Virus was detected in tissues in the upper and lower respiratory tract by real-time quantitative reverse transcription polymerase chain reaction, in situ hybridization, and immunohistochemistry (IHC; Table 2). Additionally, virus titration revealed the presence of infectious virus in nasal swabs up to 7 dpi. Although New Zealand white rabbits could be used to study MERS-CoV transmission, since they shed MERS-CoV from their upper respiratory tract, they are not suitable for studying clinical disease progression, given that they remained asymptomatic after MERS-CoV inoculation. Overall, New Zealand white rabbits seem to be of limited value for modeling MERS-CoV infections.
Mice
Although wild-type mice are not susceptible to MERS-CoV infection, 17 several mouse models of MERS-CoV infection that express hDPP4 have been developed (summarized in Tables 1 and 2). In the first model, an adenoviral vector was used to induce transient expression of hDPP4 in the lungs of BALB/c mice (National Cancer Institute, Frederick, MD, USA), C57BL/6 mice (National Cancer Institute), and multiple knockout mouse strains. 80 hDPP4 was expressed only by epithelial cells lining the airways and alveoli. After intranasal inoculation with MERS-CoV, clinical signs in the hDPP4-transduced wild-type mice were minimal and characterized by lack of weight gain in young mice and mild weight loss in older mice. Mice exhibited mild gross pulmonary lesions, which corresponded to peribronchiolar and perivascular inflammation that developed into interstitial pneumonia (Figs. 3, 4). IHC showed that MERS-CoV antigen was colocalized with hDPP4 expression in the lungs. Virus replication was detected in the lungs by 2 dpi; however, viral infection was transient. Clearance of MERS-CoV from the lungs was faster in younger mice. Transduced knockout mice—which had impaired immune systems, such as a lack of type I IFN signaling (IFNAR-/-; The Jackson Laboratory, Bar Harbor, ME, USA)—typically exhibited earlier, more severe clinical signs and gross and microscopic lesions than infected transduced wild-type mice (Figs. 5, 6). In all mouse strains, gross and microscopic lesions and virus replication were not present in organs outside the respiratory tract, which fits with the lack of detectable hDPP4 in these tissues.
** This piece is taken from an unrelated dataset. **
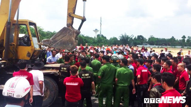 Trong lúc cơ quan chức năngthực hiện việc cưỡng chế tại xã Tóc Tiên, gần 100 nhân viên địa ốc Alibaba có hành vi ngăn chặn, chống đối bằng cách dùng gạch, đá đập phá xe cuốc, xe cẩu của đoàn cưỡng chế.
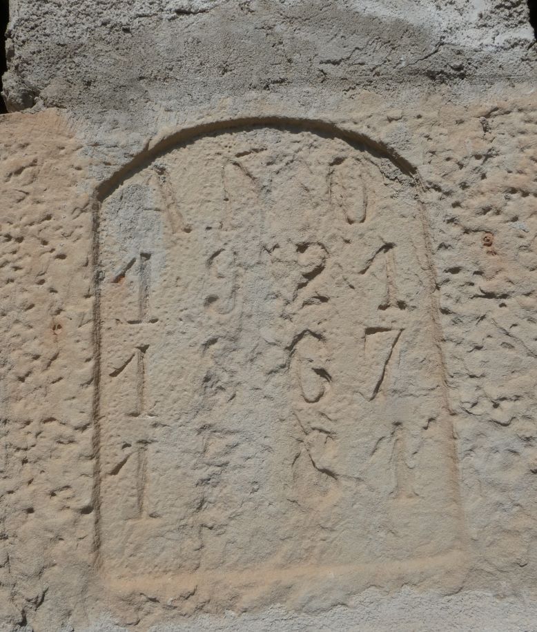 Per tal de deixar dues grans obertures, la coberta se sustenta sobre amb un pilar central de pedra i el marc de la porta de maó. El pilar central de la façana té la següent inscripció: “AÑO / 1921 / 1867 / 1781”, que podem associar a diversos moments constructius de l’equipament.

Since hDPP4-transduced mice exhibited mild transient clinical disease and pulmonary lesions, these mice could be used to model mild MERS-CoV disease. However, this model cannot be used to analyze clinical respiratory disease, since it lacks respiratory clinical signs. An increase in clinical disease severity with earlier onset of gross and microscopic lesions was achieved by transducing immunodeficient knockout mice. Due to the ease of transducing different strains of knockout mice, this technique could be used to study moderate MERS-CoV disease and the impact of different aspects of the immune system on MERS-CoV infections. However, disease and hDPP4 expression are transient in both wild-type and immunodeficient hDPP4-transduced mouse models, which may interfere with antiviral and vaccine screening. Additionally, the expression of hDPP4 in these mouse models may not exemplify normal hDPP4 expression, as hDPP4 in these mice is solely expressed in the lungs with widespread expression by airway epithelial cells and pneumocytes and is not present in other cell types or tissues, including the upper respiratory tract. Thus, the physiologic response to MERS-CoV infection may not fully represent that in infected humans.
Transgenic mice expressing hDPP4 were created to model MERS-CoV infection. In one model, hDPP4-transgenic mice were developed on either a C57BL/6 J or C57BL/6 J × B6C3F1/J background and then crossed with C57BL/6 J or B6C3F1/J mice. 2 These hDPP4-transgenic mice globally expressed hDPP4—on their pulmonary pneumocytes, renal epithelium, neurons in the brain, and endothelial cells in multiple tissues—and additionally maintained normal expression of mouse DPP4. 2 Intranasal inoculation with MERS-CoV resulted in severe progressive respiratory disease that was fatal by 6 dpi in 100% of the hDPP4-transgenic mice. Gross lesions were noted only in the lungs, while microscopic lesions were observed in the lungs and brain (Figs. 7 –10). Red areas of pulmonary congestion and consolidation were more extensive at 4 dpi than 2 dpi. Histologically, mice exhibited bronchointerstitial pneumonia with perivasculitis. A single mouse exhibited perivascular cuffing in the brain.
In the hDPP4-transgenic mice, high levels of infectious virus were detected in the lung at 2 dpi, with lower levels detected at 4 dpi. Infectious virus was found only at 4 dpi in the brain. Viral RNA was also present in visceral organs, such as the heart and spleen, suggesting that widespread viral dissemination had occurred. Infectious virus and viral RNA were not present in the kidneys.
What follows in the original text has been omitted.